▸ Task to complete
Where the listing below reaches the line containing "A group of bochurim", start writing out lines exactly, and stop once the line containing "Step 22: Cover" has been written.

▸ Extracted entries
# # #

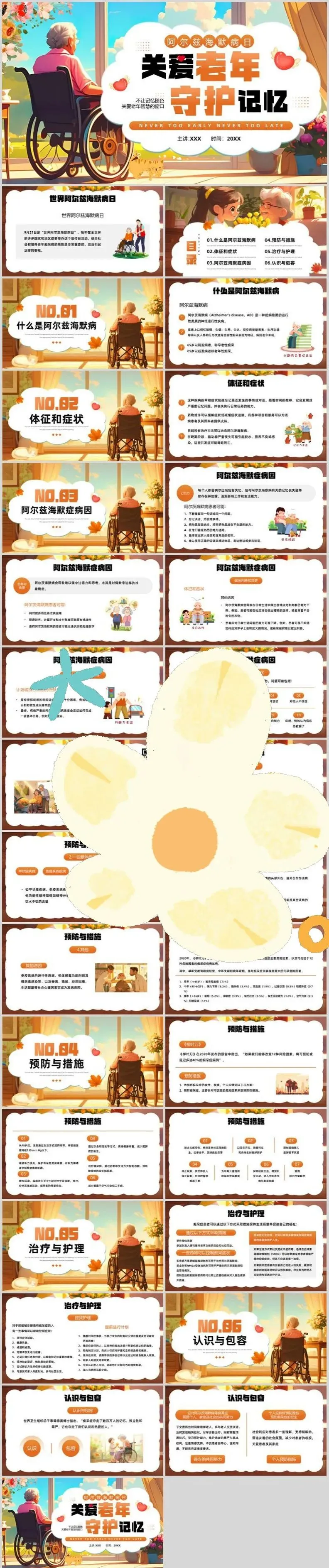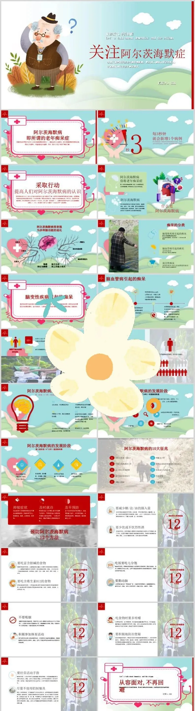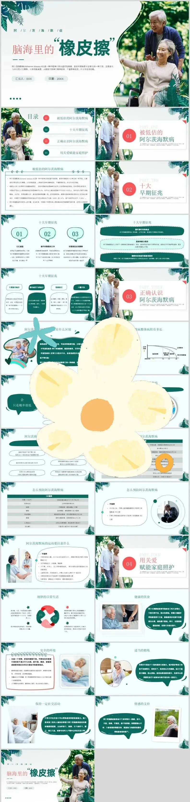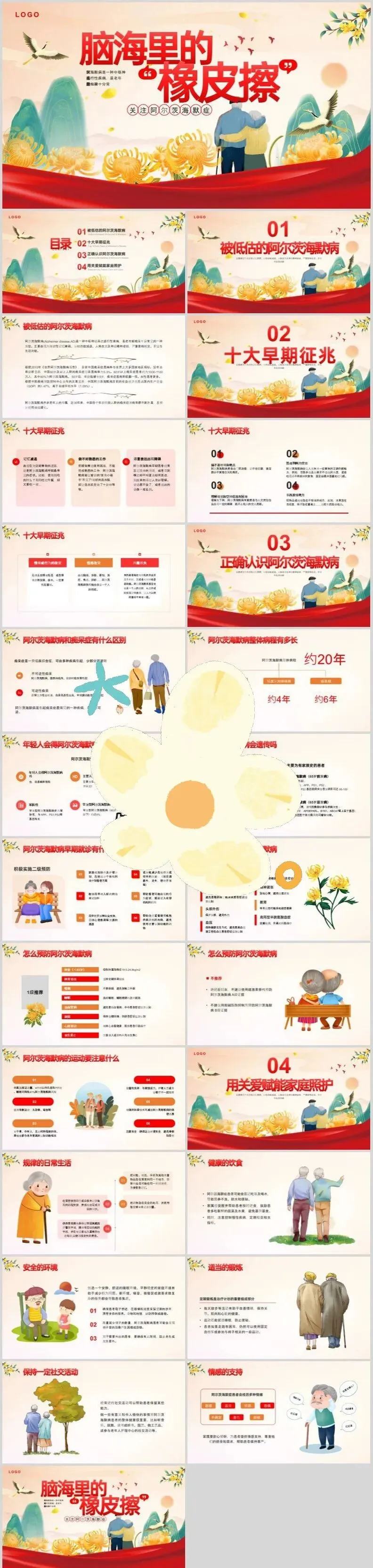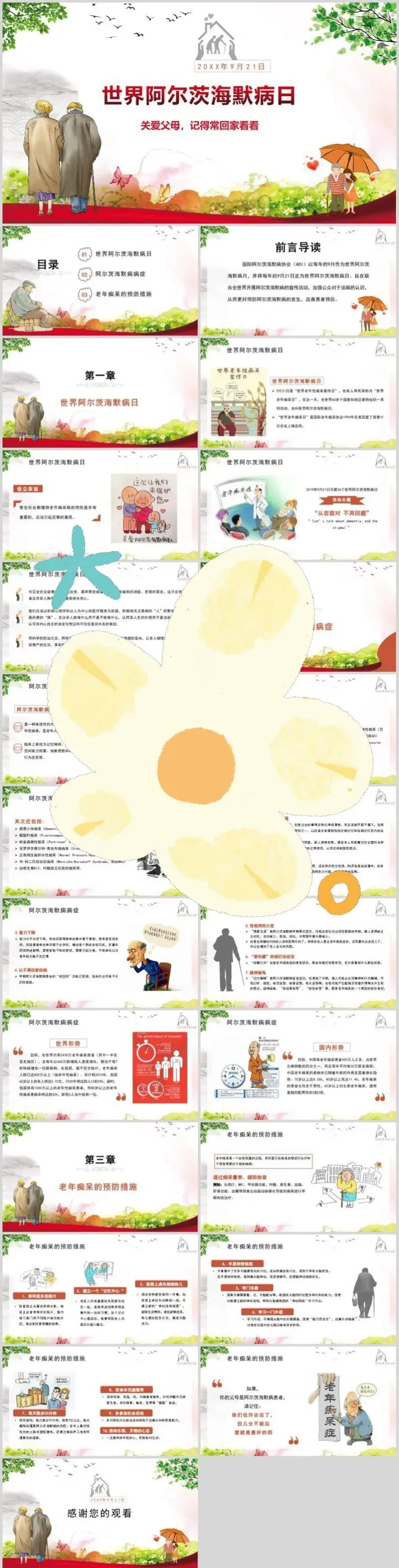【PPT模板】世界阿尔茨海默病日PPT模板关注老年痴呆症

# # #

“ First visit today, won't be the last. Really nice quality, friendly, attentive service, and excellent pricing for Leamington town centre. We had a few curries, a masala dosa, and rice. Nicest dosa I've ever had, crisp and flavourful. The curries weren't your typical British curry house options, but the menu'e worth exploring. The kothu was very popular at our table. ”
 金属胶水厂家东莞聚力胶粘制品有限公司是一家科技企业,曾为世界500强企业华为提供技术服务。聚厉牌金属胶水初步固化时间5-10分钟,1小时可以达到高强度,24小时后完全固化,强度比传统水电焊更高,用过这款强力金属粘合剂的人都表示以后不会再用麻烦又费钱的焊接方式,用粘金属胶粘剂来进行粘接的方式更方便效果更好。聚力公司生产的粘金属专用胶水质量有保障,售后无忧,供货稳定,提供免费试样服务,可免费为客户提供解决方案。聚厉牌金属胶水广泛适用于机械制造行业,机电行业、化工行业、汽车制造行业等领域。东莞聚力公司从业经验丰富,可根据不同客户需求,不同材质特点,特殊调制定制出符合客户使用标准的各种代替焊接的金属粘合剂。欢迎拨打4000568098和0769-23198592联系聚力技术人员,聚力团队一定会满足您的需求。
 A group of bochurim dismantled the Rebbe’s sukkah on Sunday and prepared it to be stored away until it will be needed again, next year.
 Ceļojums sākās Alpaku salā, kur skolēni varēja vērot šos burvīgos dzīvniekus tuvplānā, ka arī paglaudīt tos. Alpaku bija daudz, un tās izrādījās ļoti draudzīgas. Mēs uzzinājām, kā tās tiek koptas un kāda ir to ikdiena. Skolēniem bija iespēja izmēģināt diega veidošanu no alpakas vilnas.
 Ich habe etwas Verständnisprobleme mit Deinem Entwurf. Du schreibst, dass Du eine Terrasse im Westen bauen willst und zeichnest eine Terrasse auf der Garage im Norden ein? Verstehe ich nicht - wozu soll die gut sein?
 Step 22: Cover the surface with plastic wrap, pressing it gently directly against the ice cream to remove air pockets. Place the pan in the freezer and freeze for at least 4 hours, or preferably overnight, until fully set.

# # #

▸ Written solution
 A group of bochurim dismantled the Rebbe’s sukkah on Sunday and prepared it to be stored away until it will be needed again, next year.
 Ceļojums sākās Alpaku salā, kur skolēni varēja vērot šos burvīgos dzīvniekus tuvplānā, ka arī paglaudīt tos. Alpaku bija daudz, un tās izrādījās ļoti draudzīgas. Mēs uzzinājām, kā tās tiek koptas un kāda ir to ikdiena. Skolēniem bija iespēja izmēģināt diega veidošanu no alpakas vilnas.
 Ich habe etwas Verständnisprobleme mit Deinem Entwurf. Du schreibst, dass Du eine Terrasse im Westen bauen willst und zeichnest eine Terrasse auf der Garage im Norden ein? Verstehe ich nicht - wozu soll die gut sein?
 Step 22: Cover the surface with plastic wrap, pressing it gently directly against the ice cream to remove air pockets. Place the pan in the freezer and freeze for at least 4 hours, or preferably overnight, until fully set.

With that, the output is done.